Exercise objective = Restate, word for word and with no pictures, the stretch of lines in the data below that begins at the line with "Pushti gullar naqshli" and ends at the line with "Material: 100% CottonWide", inclusive.

Stored items from a collection =
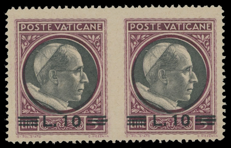 1945, Pope Pius XII, black surcharge 10L on 5L lilac and black, horizontal pair imperforate between stamps, full OG, VLH, VF, Sassone #108r, C.v. €1,000 as never hinged, Est. $150-$180 , Scott #108 var
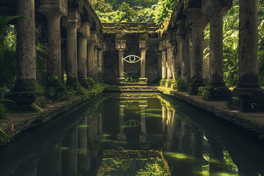 Underwater ancient ruins with classical columns surrounded by floating jellyfish and marine vegetation.
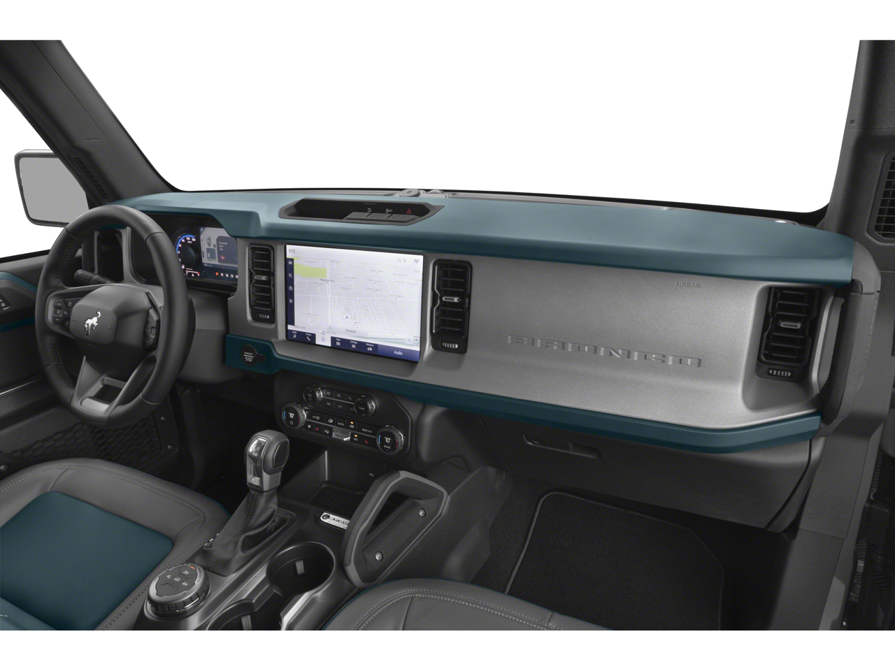 The 2024 Ford Bronco Outer Banks 4-Door 4x4 is a rugged yet refined SUV, designed to tackle any adventure with style and capability. Finished in the striking Eruption Green Metallic, it combines a powerful 2.3L EcoBoost I-4 engine with a 10-speed automatic transmission for smooth and responsive driving. Inside, the Bronco features a refined combination of leather-trimmed and vinyl seats in a stylish Roast/Black color scheme, offering both comfort and durability for up to five passengers. Equipped with the Sasquatch Package, this Bronco is ready for off-road challenges with 35 tires, front and rear locking differentials, and advanced 4x4 capabilities. The 360-degree camera and adaptive cruise control enhance safety and convenience, while the wireless charging pad and heated steering wheel add to the luxury features. The interior is designed with modern technology, including a 12 LCD center stack touchscreen, SYNC4, and dual-zone climate control, ensuring both functionality and comfort on every journey. With additional features like the soft top with prep kit, advanced safety systems, and a comprehensive trailer tow package, the 2024 Ford Bronco Outer Banks is ready to take on both urban roads and rugged terrains., Soft Top Cloth W/Prep Kit, 10 Speakers w/Subwoofer, 360-Degree Camera, Adaptive Cruise Control, Additional Sound Deadening, Equipment Group 314A High/Lux Package, Evasive Steering Assist, Front Parking Sensors, Heated Steering Wheel, Information on Demand Panel, Radio: B&O Sound System by Bang & Olufsen, Sasquatch Package w/Non Beadlock Capable Wheels, Sideview Mirrors, Soft Canvas Bimini Top (DIO), Universal Garage Door Opener, Wheels: 17 Carbonized Gray-Painted Alloy, Wireless Charging Pad.
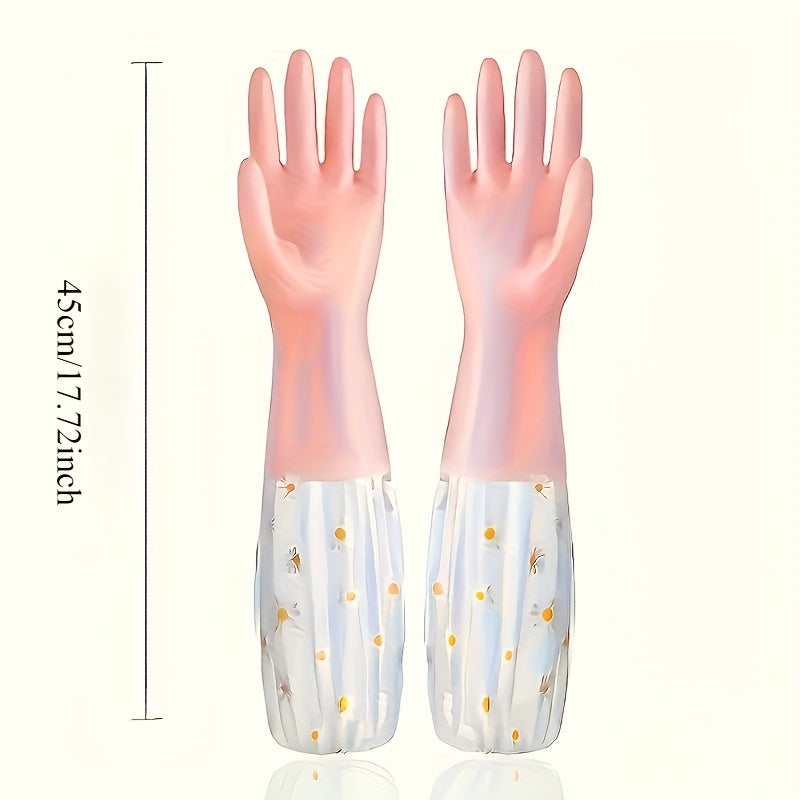 Pushti gullar naqshli PVC tozalash qo'lqoplari - Mustahkam, suv o'tkazmaydigan, sirpanmaydigan ushlash - Oshxona, kir yuvish, hammom va uy ishlariga mukammal
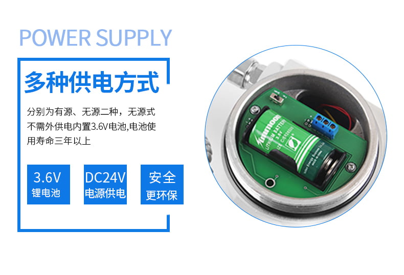 現場顯示型 儀表自帶3.6V鋰電池;
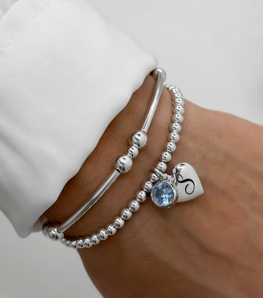 925 Sterling Silver Heart Laser Engraved Initial CZ Birthstone Bracelet
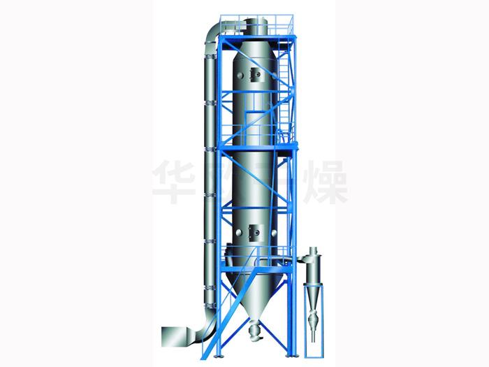 压力式喷雾干燥造粒机是采用压力式雾化器借助隔膜泵的压力将溶液或浆状的物料雾化成细微液滴,使表面积显著增大,经与热风进行充分热交换得以快速干燥(十几秒至几十秒),从而得到粉体或细小颗粒产品的设备。
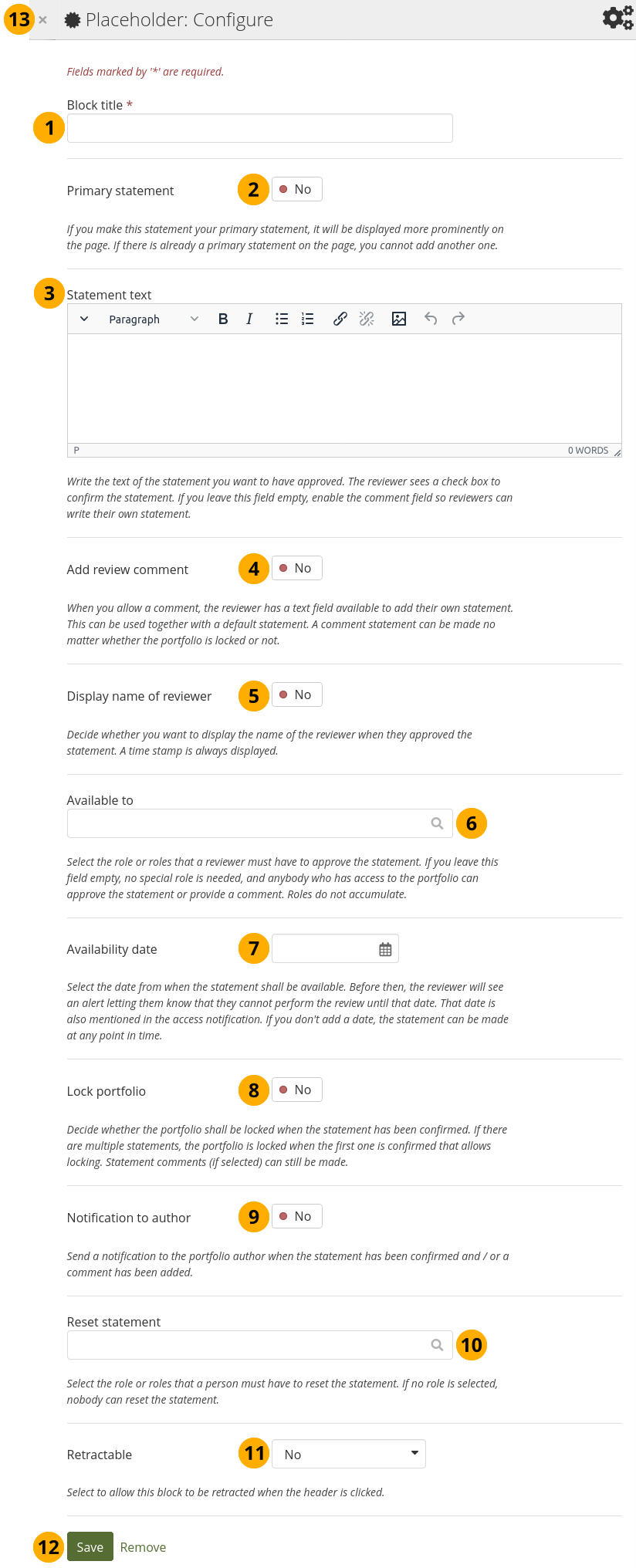 Block title: The block title is set automatically based on the standard selected. It takes the form of ‚Annotation: Shortname of the standard‘ and cannot be changed.
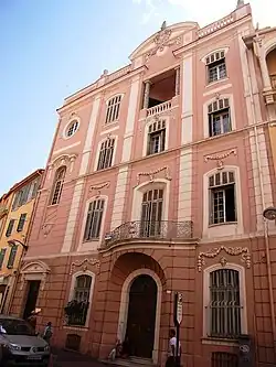 In 1906, the Bishop of Fréjus, Félix-Adolphe-Camille-Jean-Baptiste Guillibert, was expelled from the palace, following the implementation of the 1905 French law on the Separation of the Churches and the State.[6] The town council, which had previously been based on Rue Nationale (now Rue Jean Jaurès),[a] was looking for extra space and decided to acquire the former bishop's palace and relocated there in 1912.[3][11]
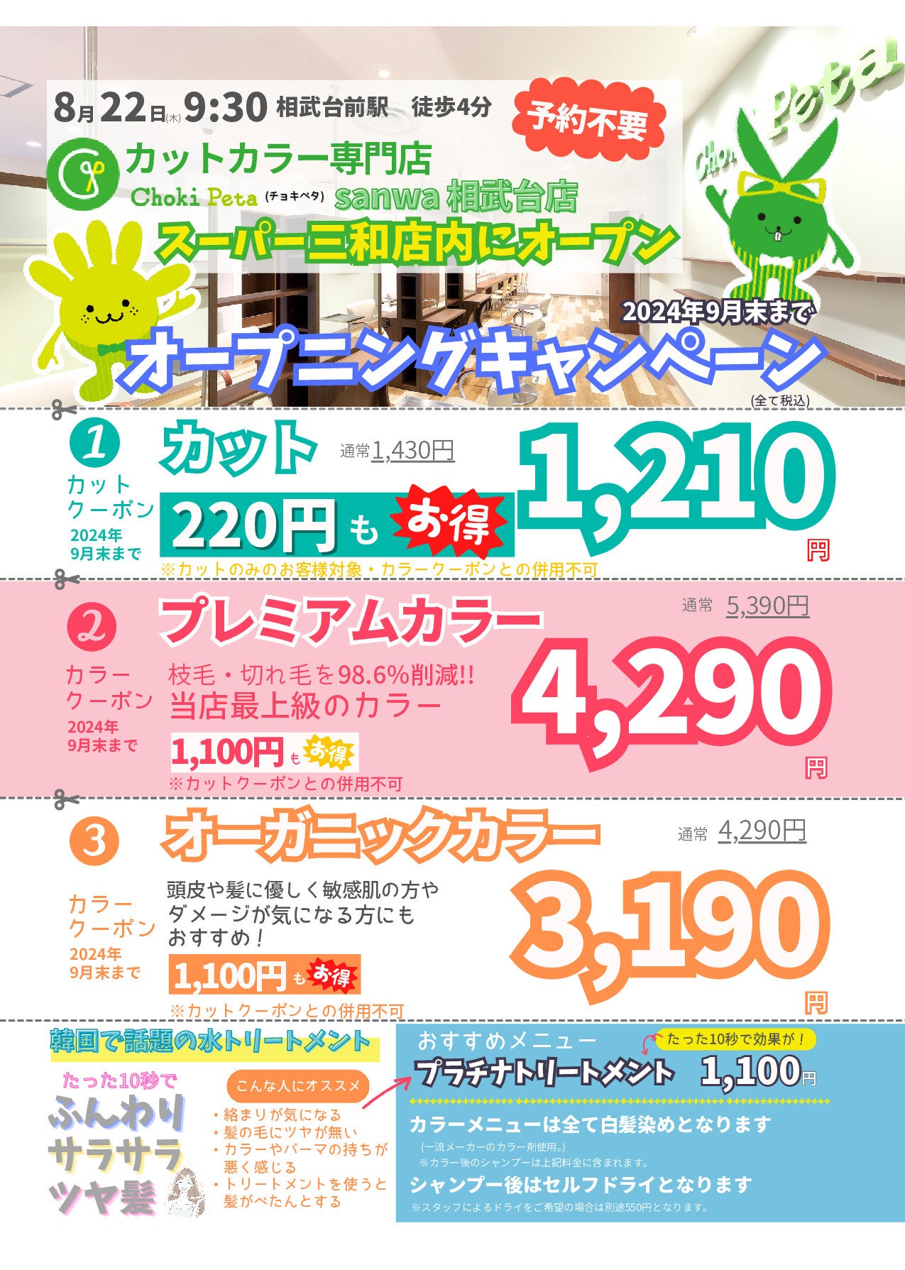 カットカラー専門店 チョキペタ sanwa 相武台店が8月22日(木)オープン
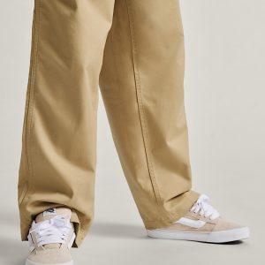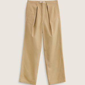Material: 100% CottonWide leg chino pant with an adjustable pleat detail at the front waistInterior woven labelBaggy fitRaw edge detail at the hem and sleevesGrant is 62.5 and I swearing a size 30Haro is 59 and is wearing a size
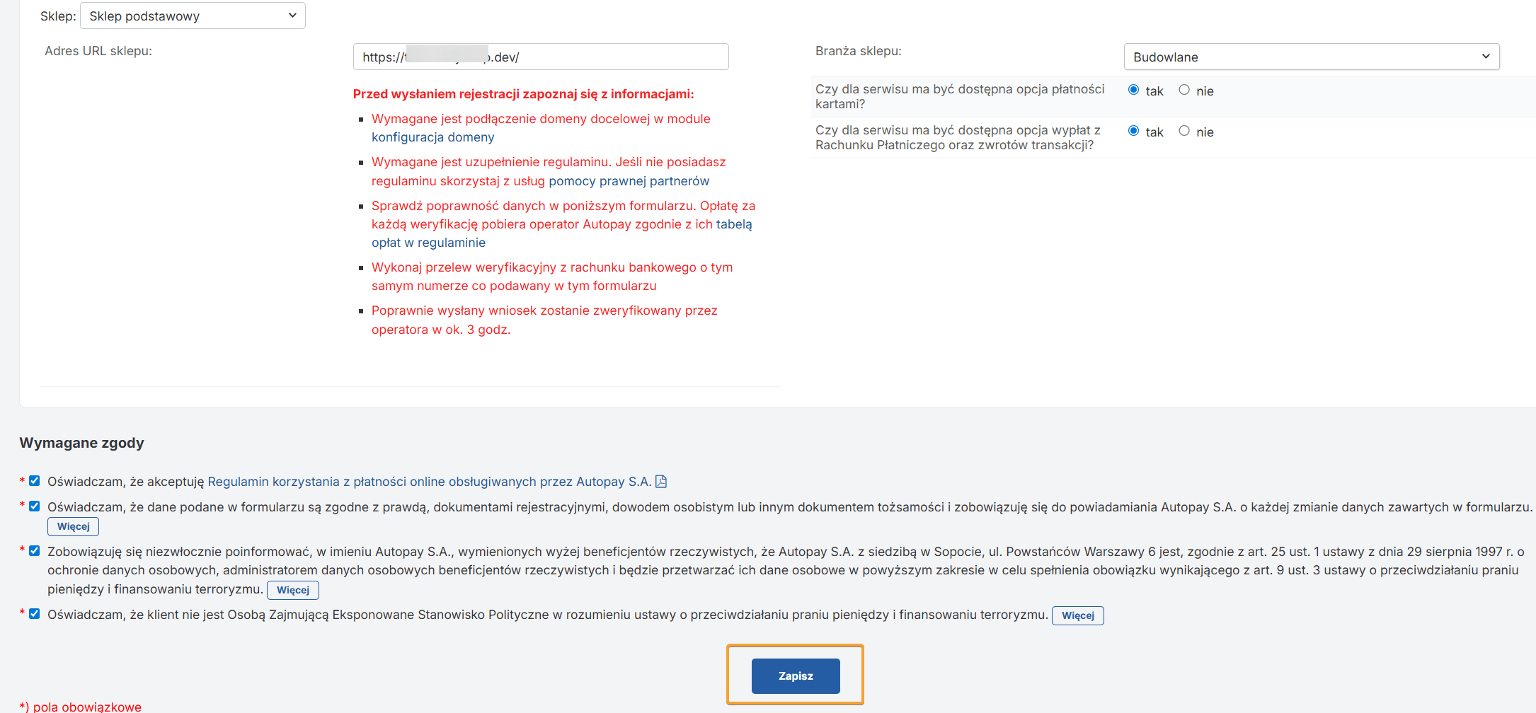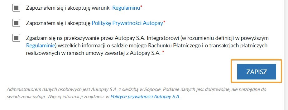 Wypełnij formularz wstępny w panelu oraz kliknij Zapisz, a następnie zostaniesz automatycznie przekierowany na formularz rejestracyjny Autopay.

Exercise answer =
 Pushti gullar naqshli PVC tozalash qo'lqoplari - Mustahkam, suv o'tkazmaydigan, sirpanmaydigan ushlash - Oshxona, kir yuvish, hammom va uy ishlariga mukammal
 現場顯示型 儀表自帶3.6V鋰電池;
 925 Sterling Silver Heart Laser Engraved Initial CZ Birthstone Bracelet
 压力式喷雾干燥造粒机是采用压力式雾化器借助隔膜泵的压力将溶液或浆状的物料雾化成细微液滴,使表面积显著增大,经与热风进行充分热交换得以快速干燥(十几秒至几十秒),从而得到粉体或细小颗粒产品的设备。
 Block title: The block title is set automatically based on the standard selected. It takes the form of ‚Annotation: Shortname of the standard‘ and cannot be changed.
 In 1906, the Bishop of Fréjus, Félix-Adolphe-Camille-Jean-Baptiste Guillibert, was expelled from the palace, following the implementation of the 1905 French law on the Separation of the Churches and the State.[6] The town council, which had previously been based on Rue Nationale (now Rue Jean Jaurès),[a] was looking for extra space and decided to acquire the former bishop's palace and relocated there in 1912.[3][11]
 カットカラー専門店 チョキペタ sanwa 相武台店が8月22日(木)オープン
Material: 100% CottonWide leg chino pant with an adjustable pleat detail at the front waistInterior woven labelBaggy fitRaw edge detail at the hem and sleevesGrant is 62.5 and I swearing a size 30Haro is 59 and is wearing a size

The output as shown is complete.